Note that the pair "roast" and "hello" do not sound alike and, therefore, is not included.

The Levenshtein Distance calculates the minimal number of edits that is required to transform one string into the other. The smaller this number, the more similar the strings are. This is a good metric to match strings despite typos. Compared to apple, apples is included with a limit of 1, appl is too different and is not included.

$synonym({"LevenshteinDistance": 1}, ["apple"], ["apples", "appl"])
[
  {
    "synonym": "apples",
    "term": "apple",
    "algotithm": "LevenshteinDistance",
    "value": 1
  },
  {
    "synonym": "appl",
    "term": "apple",
    "algotithm": "LevenshteinDistance",
    "value": 1
  }
]

Document to Text

In order to include PDF and Word documents into your AI / ML and Low Code processes, it is crucial to be able to convert these assets into plain text. This functionality is available in the Dasjoin NLP container. You can run it as follows:

docker run -p 8081:8081 dashjoin/nlp

The container offers a conversion service that can be called as follows:

curl -X 'POST' \
  'http://localhost:8081/function/run/doc2text' \
  -H 'accept: application/json' \
  -H 'Content-Type: application/json' \
  -d '"https://pdfobject.com/pdf/sample.pdf"'

This example passes a URL to a PDF document. In turn, the extracted text is returned.

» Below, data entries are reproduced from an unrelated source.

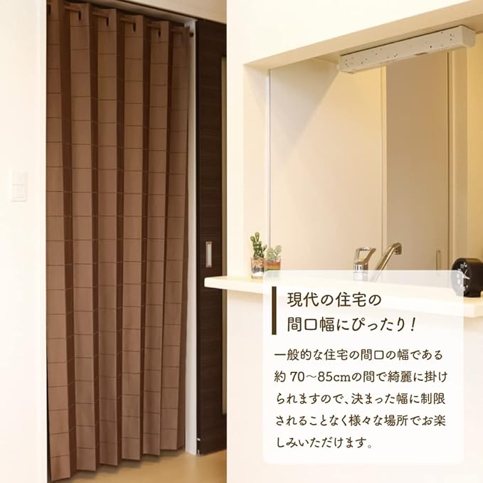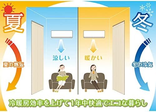 【ポイント】パタパタとコンパクトに折りたためる便利なカーテン!リビング キッチン ドア 階段 玄関 等の間仕切り、目隠しとしてお部屋のすきま風を防止し冷暖房効率をアップさせるecoな商品です。使用しないときは10㎝程度にたたんでおけますので通り抜けの邪魔になりません。レース生地ですので程よい透け感があり圧迫感も軽減します。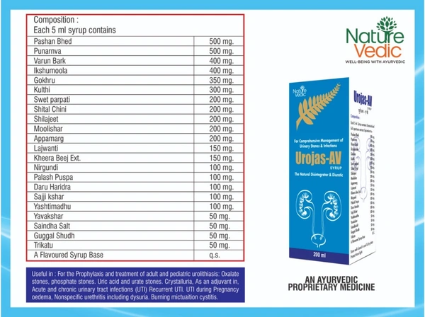 Nature Vedic Urojas - AV Syrup Ayurvedic Formula for Urinary Stones & Infections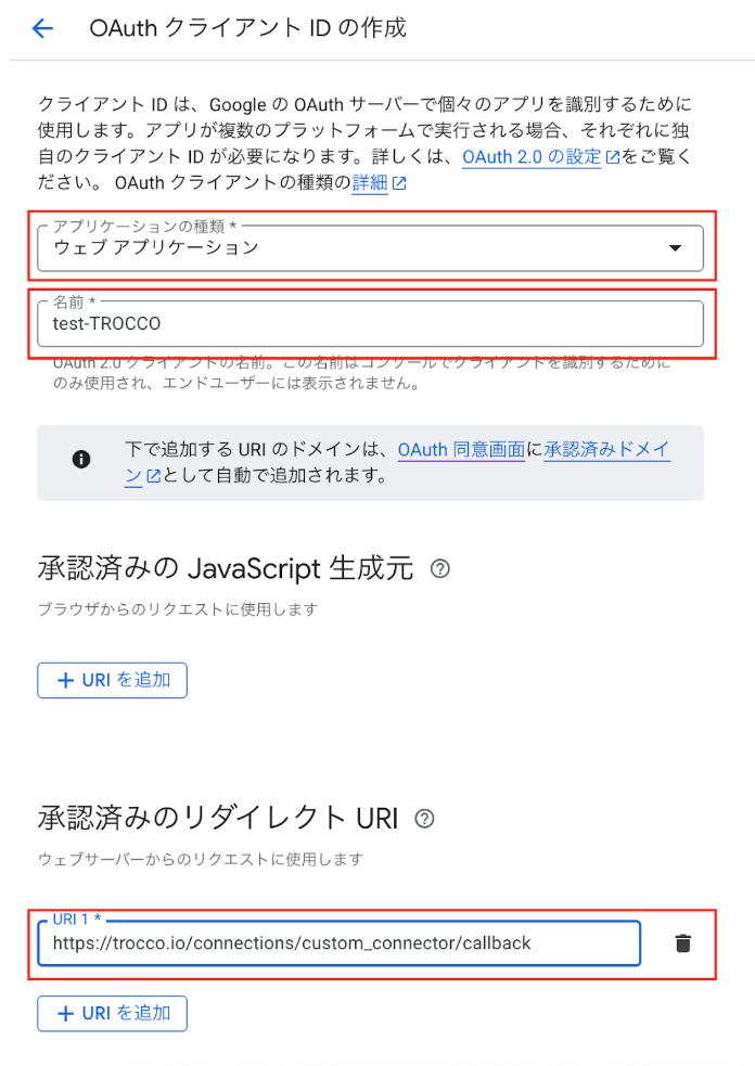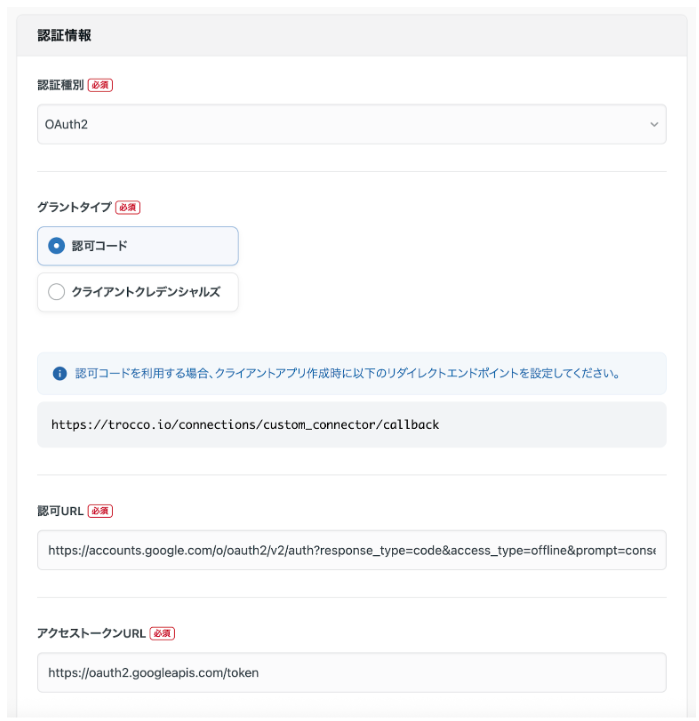 - 承認済みのリダイレクトURI:https://trocco.io/connections/custom_connector/callback

If the document is not available directly via a public URL, you can obtain it via some other means and pass it via a data URL as follows:

curl -X 'POST' \
  'http://localhost:8081/function/run/doc2text' \
  -H 'accept: application/json' \
  -H 'Content-Type: application/json' \
  -d '"data:application/pdf;base64,PGh0bWw+PHA+bXkgdGl0bGU8L3A+PC9odG1sPg=="'

Note that the data URL has the prefix: data:application/pdf;base64, The following data is a base 64 encoded HTML page.

In order to send a document from your upload folder, you can use the following JSONata code:

$curl("POST", "http://localhost:8081/function/run/doc2text", "data:application/pdf;base64," & $openText("file:upload/test.html", "BASE_64"))

The document is loaded via the openText function using base64 encoding. The data URL prefix is appended and fed into the curl command.